La visite du Ministre turc des affaires étrangères au Niger cette semaine, accompagné d’une forte délégation, n'est pas passée inaperçue. Derrière ce rendez-vous de haut niveau avec l’exécutif nigérien, des enjeux stratégiques et une convergence des ambitions entre les deux pays sont à noter.
Le ministre turc des affaires étrangères, Hakan Fidan, ainsi que le ministre de la défense, Yasar Guler, le ministre de l'énergie, Alparslan Bayraktar, et le chef de l'agence de renseignement MIT, Ibrahim Kalin, ont conclu ce jeudi une visite de travail de 48h au Niger. Au sortir de ce rendez-vous largement médiatisé, les deux pays ont convenu de renforcer leurs relations dans différents secteurs stratégiques.
Une coopération diversifiée
Cette visite des ministres turcs à Niamey intervient deux mois après que le Premier ministre du Niger, Ali Mahaman Lamine Zeine, a rencontré le président turc Tayyip Erdogan à Ankara. La délégation de M. Fidan a aussi rencontré le Président de la Transition nigérienne le général Abdourahmane Tiani.
Mais outre le militaire, les deux pays veulent renforcer leurs coopérations dans les secteurs de l’énergie, de l’exploitation minière, de l’éducation entre autres.
Mais derrière ces réunions de haut vol, se dessine une convergence stratégique entre les deux pays.
Alternative pour l'un, présence stratégique pour l'autre
La Türkiye vient s’ajouter à une nouvelle configuration des partenaires des pays du Sahel.

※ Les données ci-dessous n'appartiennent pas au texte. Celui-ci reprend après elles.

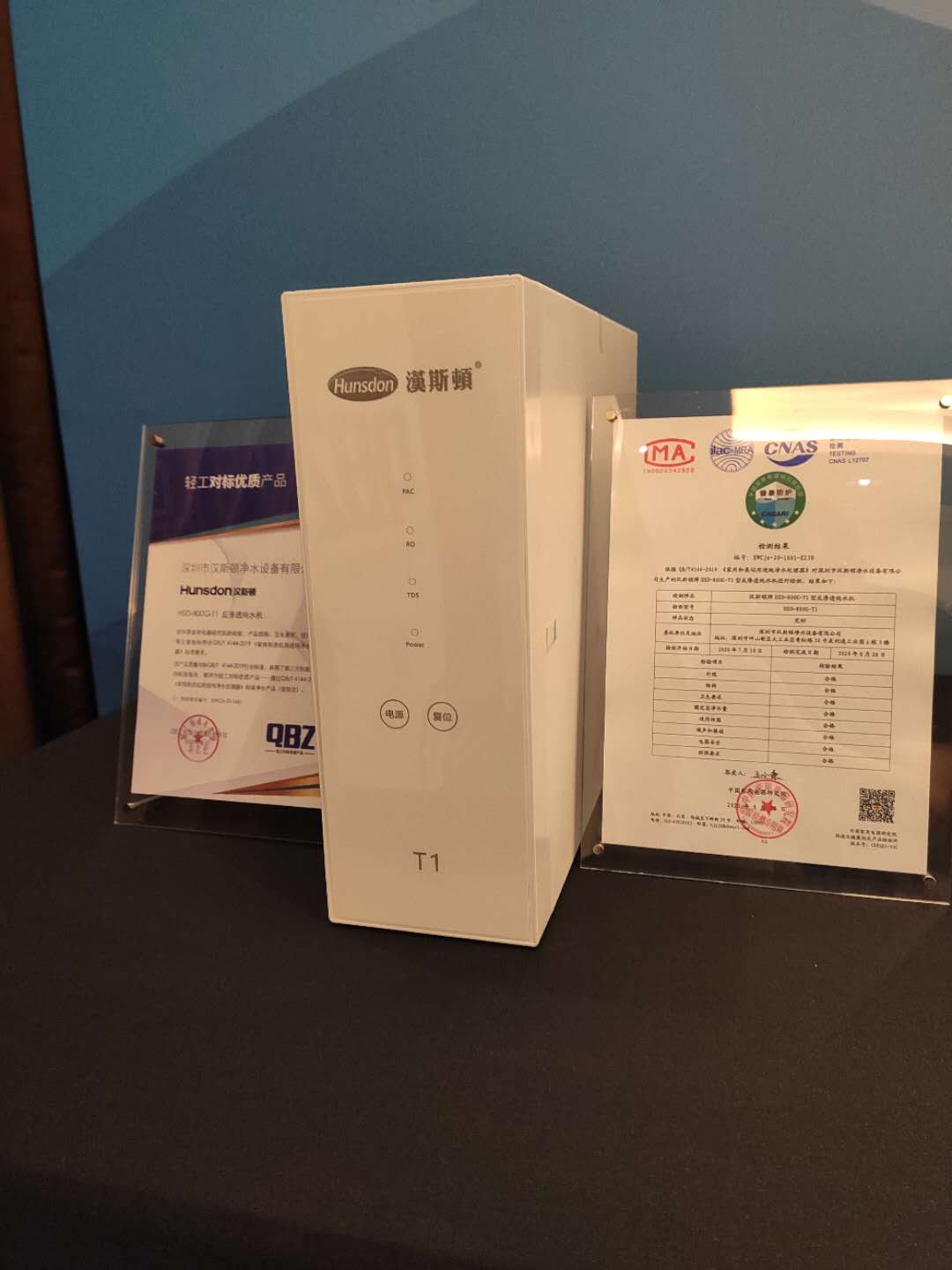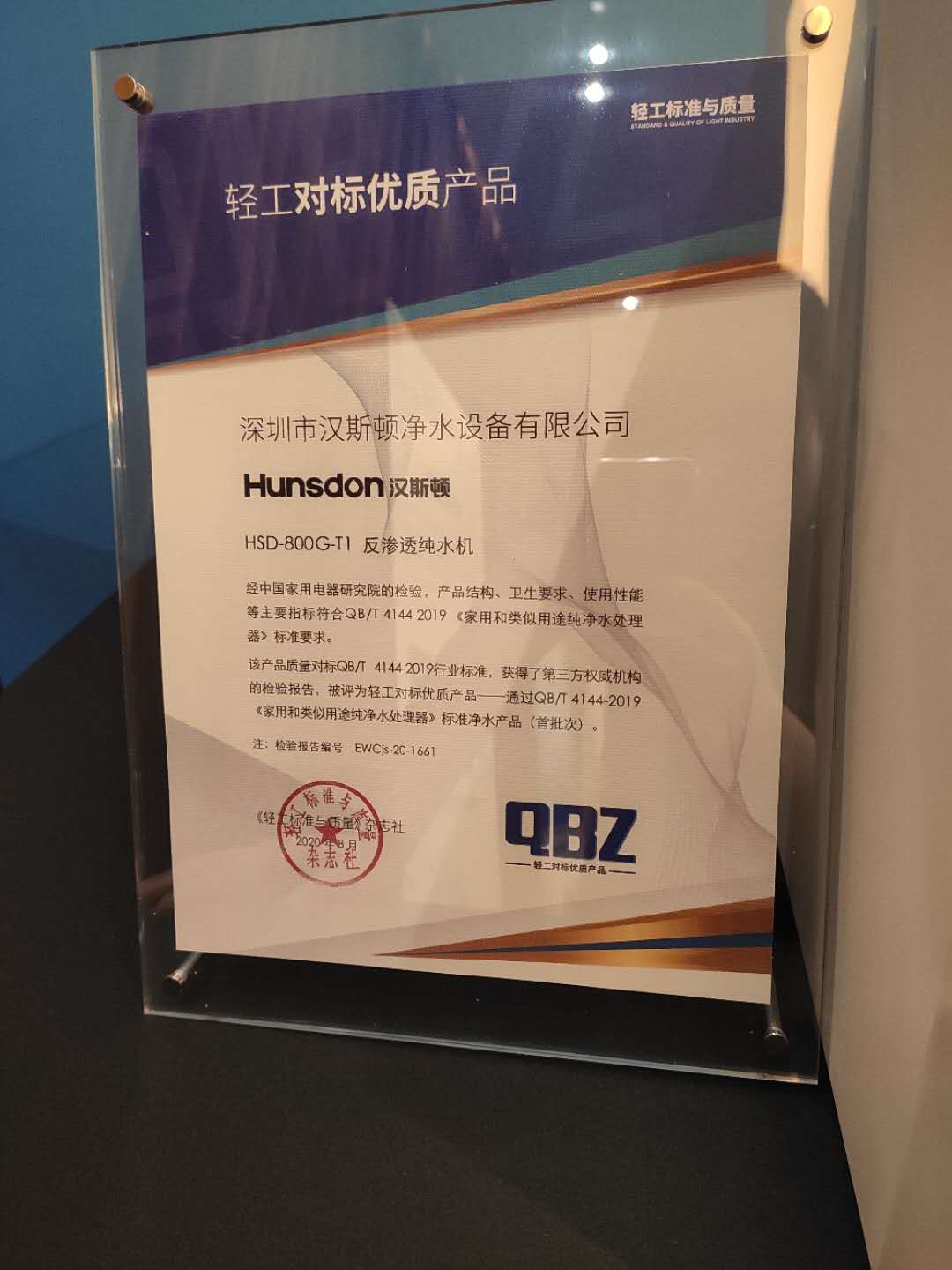 HSD-800G-T1作為漢斯頓集團的新晉熱銷產品,經相關部門檢測后,各項指標均符合新標準,成為首批通過QB/T 4143、QB/T 4144產品標準的凈水器之一,并榮獲本次大會主辦單位頒發的榮譽證書。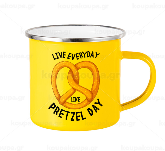 The office, Live every day like pretzel day, Yellow Enamel Metallic Cup 360ml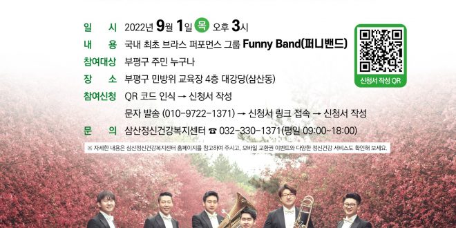 부평구 민방위 교육장 대강당에서 열리는 이번 음악회는 코로나19로 지친 지역 주민들의 회복을 돕고 생명의 소중함을 몸소 실천하며, 자살예방활동에 적극 동참할 수 있는 동기를 부여하기 위해 마련됐다.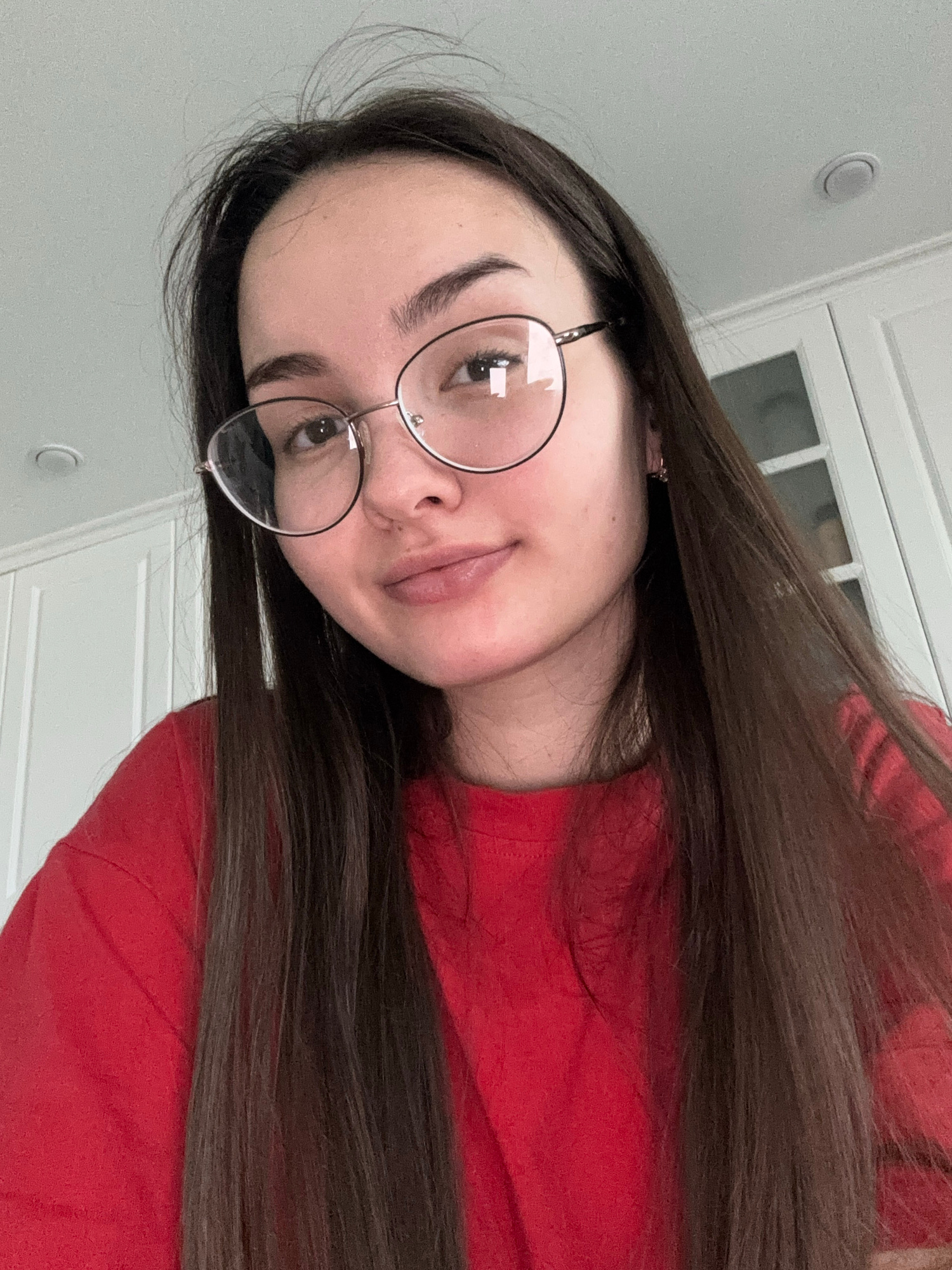 A young woman with long brown hair is wearing round, wire-framed glasses and a red shirt. The background is a plain white wall and a white paneled door. The location is not discernible from the image.

En effet, après le Mali et le Burkina Faso, le Niger a rompu en quelques sortes sa coopération jugée infructueuse avec les occidentaux et la France en particulier. Après plus d’une dizaine d’années de présence au Sahel, les "pays de l’Ouest" n’ont pas été en mesure d’aider les pays sahéliens à renforcer la capacité de leurs armées, encore moins à mettre fin aux attaques terroristes.

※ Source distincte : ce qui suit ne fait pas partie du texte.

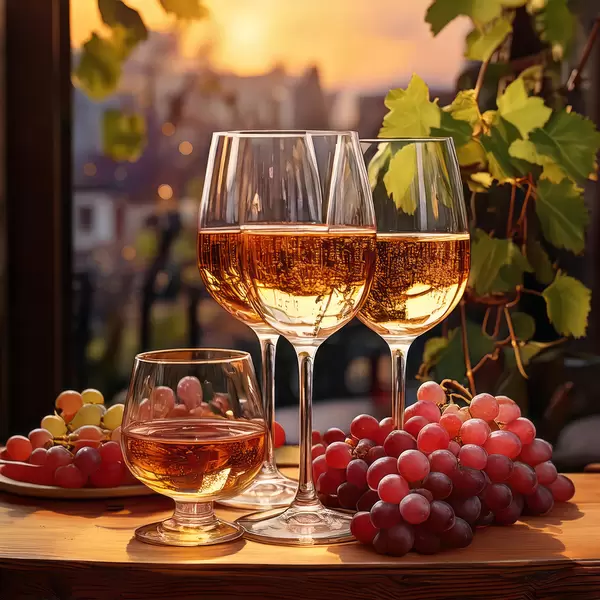Poster glazen met wijn, druiven op tafel, stilleven f41104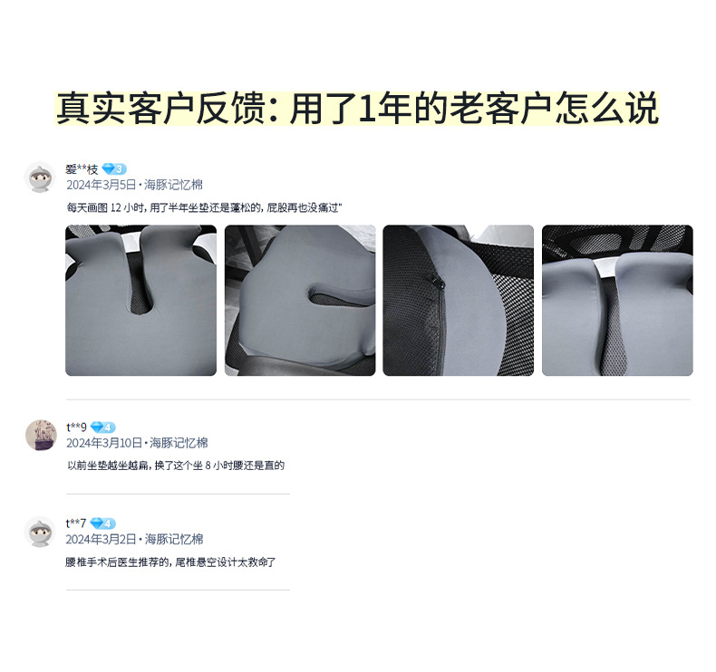 海豚记忆棉坐垫办公室上班久坐加厚护腰座垫臀部支撑屁垫通用代发 投诉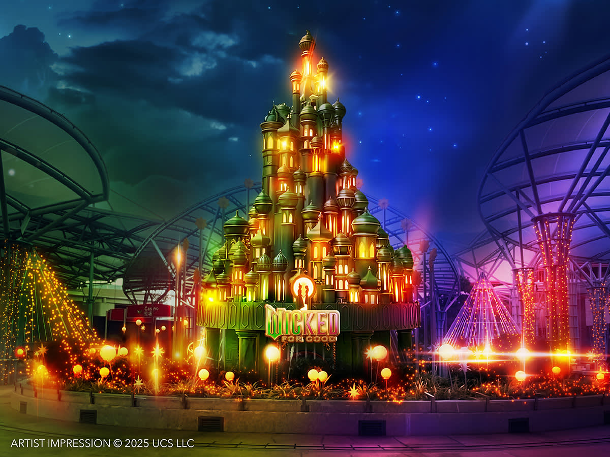 센토사 '위키드: 포 굿' (2025년 11월 10일-2026년 1월 4일) 거대한 설치 작품부터 축제 분위기의 매장과 음식들까지! 위키드 팬이라면 끝없이 펼쳐지는 즐거움을 만끽해보세요. 싱가포르 오셔너리움 외부의 설치물은 모두 무료 입장입니다.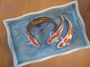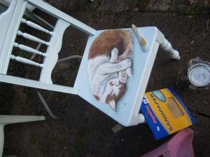 I’ve also been painting some “Trompe L’oeil” objects. Decorating and reclaiming something that might otherwise have had no value, that might have been overlooked or thrown away. These are very different from my landscape painting in many ways. When I paint landscapes, I try to capture mood, light, tone and a general feeling of the day. When I paint Trompe L’oeil, it is all about the challenge of painting something that will make someone look twice at an object, surprise them and make them smile. It’s all about trying to paint as realistically as possible. My attempts at this can been seen below with my cat chair and fish tray: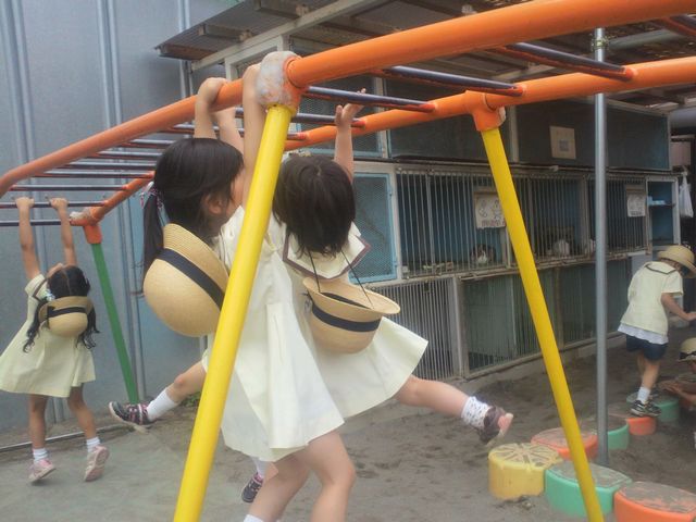 フラワーアレンジメント 習い事 2011.06.16(木) 《へび》がフラワーアレンジメントの体験に行ってきました。上から見たときに楕円になるアレンジです。ボリュームがあって、とてもきれいです。 午後、《いぬ》を園庭まで迎えに行くと、制服のままウンテイで遊んでいました。
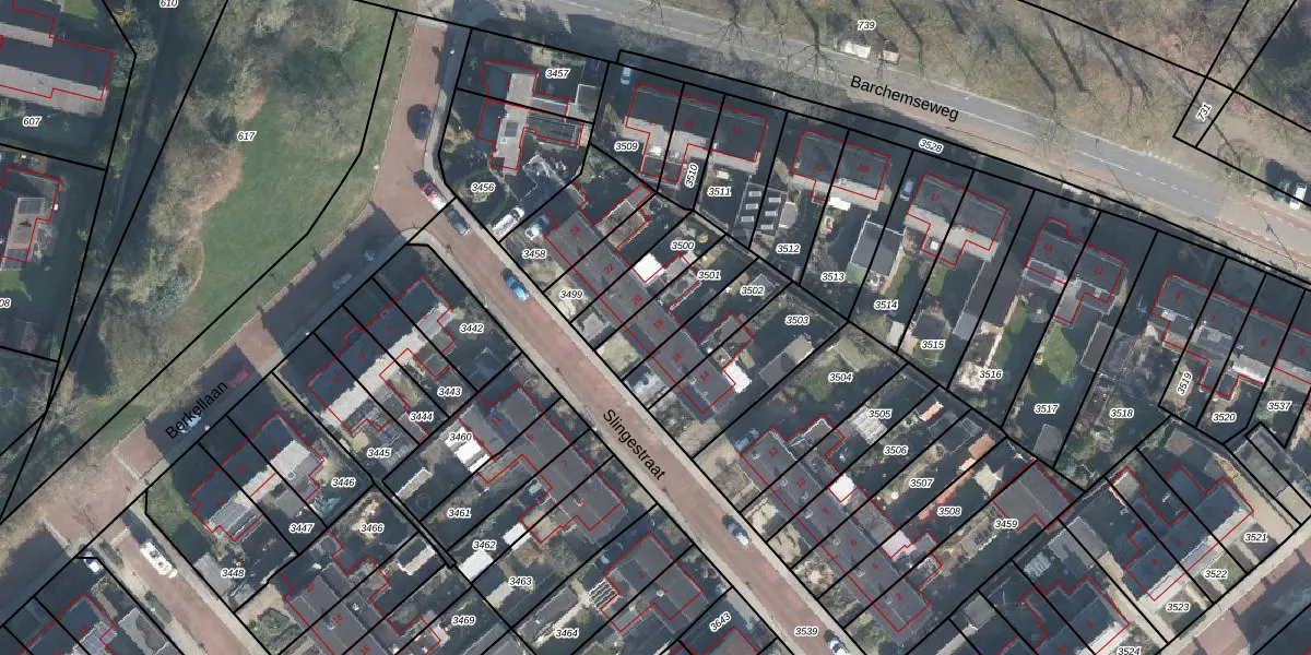 Gebruik de zoekbalk of klik op een perceel voor informatie over de adressen binnen dit perceel.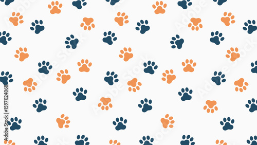 Clean white background with a playful pattern of navy blue and orange paw prints. Cheerful, seamless vector for pet-related designs

La prise du pouvoir par les militaires dans les pays de l’AES a été suivie d’un changement paradigmatique. Lors d’une visite au Burkina Faso juin dernier, le Colonel Assimi Goita du Mali avait notamment expliqué que la création de l'Alliance des États du Sahel (AES) a permis au trois pays membres :
de sortir des partenariats de façade et non efficaces pour nous orienter vers des partenaires sincères tels que la Russie, la Chine, la Türkiye.
De l’autre côté, la Türkiye elle continue de renforcer sa présence en Afrique qui est devenue depuis plus de 20 ans, une priorité pour Ankara. Les relations turco-africaines se sont d’abord accélérées depuis 2005 décrétée "Année de l’Afrique" en Türkiye, synonyme d’une ouverture du pays au continent.

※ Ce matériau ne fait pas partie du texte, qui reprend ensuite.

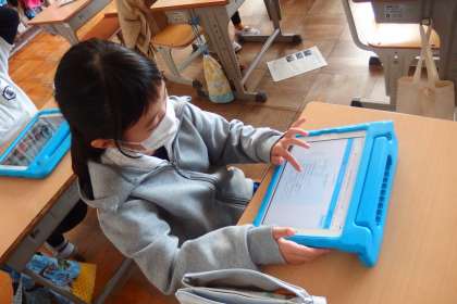 タブレットに健康観察を入力しているところです。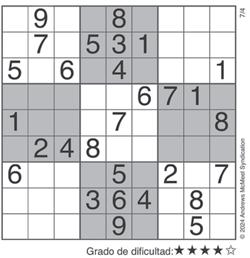 Complete el recuadro de tal manera que cada fila, columna y cuadro de 3x3 tengan los números del 1 al 9.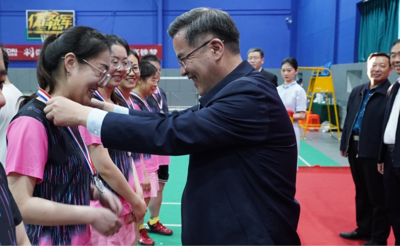 高燕在閉幕式上講話,向取得優(yōu)異成績的代表隊表示祝賀,向所有運動員的奮勇拼搏、裁判員的公正評判、大賽組委會的精心組織、籌備組工作人員的默默奉獻表示贊揚和慰問。她強調(diào),本屆羽毛球比賽是今年集團舉辦的第一場大型群眾性文體活動,各代表隊在比賽期間充分發(fā)揚“頑強拼搏、團結協(xié)作”的運動精神,賽出了水平,更賽出了風格,充分展示了鐵投人朝氣蓬勃、昂揚向上的精神風貌。希望大家在今后的工作和生活中,繼續(xù)發(fā)揚拼搏精神,以飽滿的熱情、昂揚的斗志,為集團高質(zhì)量發(fā)展努力奮斗!隨后,高燕、竇玉碩等領導向各代表隊頒發(fā)了獎牌和獎杯,并與大家合影留念。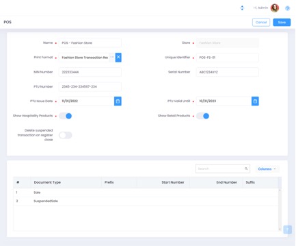 Click the edit symbol next to the POS Register that you want to edit. This will bring up the Update POS Screen, wherein you can edit POS Register Name, update Print Format etc.
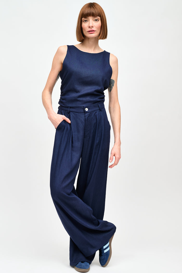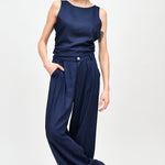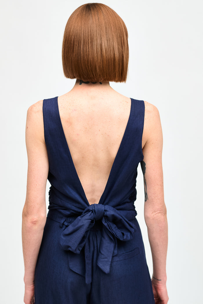 Blusa sin mangas en viscosa y lino italiano. Espalda descubierta, con amarras para ajustar a la cintura.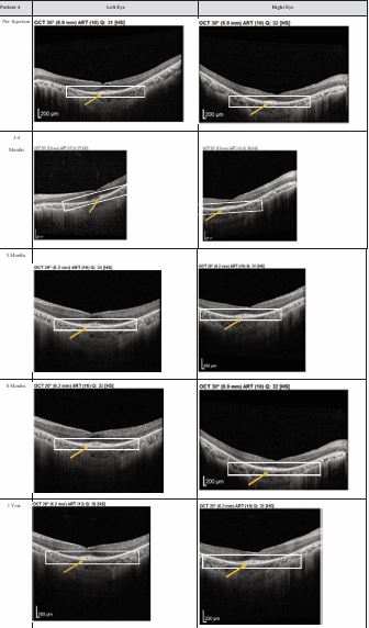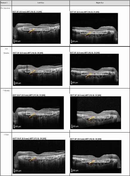 Figure 4 Optical coherence tomography (OCT) images for both eyes of Patient 4 from pre-injection up to 1 year follow-up. Orange arrow demonstrates the presence of hyperreflective material at the interdigitation area of the photoreceptors at the macula and extramacular region. These were observed and maintained until the last follow-up examination.

Mais si la Türkiye avait priorisé les relations économiques et commerciales avec les pays africains, le développement de son industrie de défense a permis à Ankara de renforcer ses partenariats militaires. La Türkiye est déjà militairement présente en Libye et en Somalie où notamment elle forme les militaires somaliennes et partage son expérience de la lutte antiterroriste.
En ce sens, subsiste une convergence des besoins et des visions stratégiques entre la Türkiye et le Niger qui, comme ses voisins du Sahel, cherche de nouveaux partenaires plus crédibles. La Türkiye qui compte 45 ambassades désormais en Afrique continue de faire du continent un "bassin géopolitique" où elle peut promouvoir son commerce, ses entreprises et des partenariats crédibles, pouvant se répercuter dans son aura diplomatique.
Si la Türkiye était connue pour son soft power en Afrique depuis deux décennies, elle est désormais concrètement dans une démarche de smart power avec un renforcement de ses coopérations militaires avec des pays demandeurs et dans le besoin, comme le Niger.